# Please help with ATiTool and Vista Startup



## kpax (Jul 10, 2007)

ok so overclocked my gfx card with atitool, all is good, i told atitool to startup at windows startup so whenever i turn my computer on it will load my overclocked profile. but my problem is that in order for ATiTool to run in vista you need to run it as Admin, but programs that need to be ran as Admin cannot automatically startup and gets blocked by windows defender. 


so everytime i start windows i have to start atitool as well manually to load my overclocked settings, does anyone know how this can be done automatically eg tell wnidows defender not to block ATiTool at startup?



cheers i have the latest version which is 0.27




thanx alot in advance


----------



## mello_newf (Jul 10, 2007)

You have to disable UAC. That is the only I have found to get around it.


----------



## Kursah (Jul 10, 2007)

Yep, mellow has it right. Click your avatar in the Start Menu, the bottom option should be to turn on or off User Account Control (UAC). This will require a restart and you should be good to go! 
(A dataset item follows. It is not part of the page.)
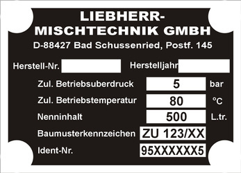 Tabliczka znamionowa do pojazdów i maszyn marki LIEBHERR

Weird thing, my local NBC station is KPAX. Just thought I'd throw that out there!


----------



## kpax (Jul 10, 2007)

OK thanx alot for the replies, im kind of a computer noob lol, what side effects does disabling UAC have?


----------



## Kursah (Jul 10, 2007)

You don't have to allow everything you do...that's the biggest thing I noticed. Makes Vista less annoying to deal with in my opinion. I never really researched what all it affects, but enjoy it turned off.


----------



## mello_newf (Jul 10, 2007)

It stops windows from asking you to allow or deny access to everything im sure you have noticed it so it's less annoying but less secure but it's not hard to keep yourself safe just watch what your instilling on your computer like what you would do in XP.


----------



## kpax (Jul 10, 2007)

ok i get it now thanx alot for the replies


----------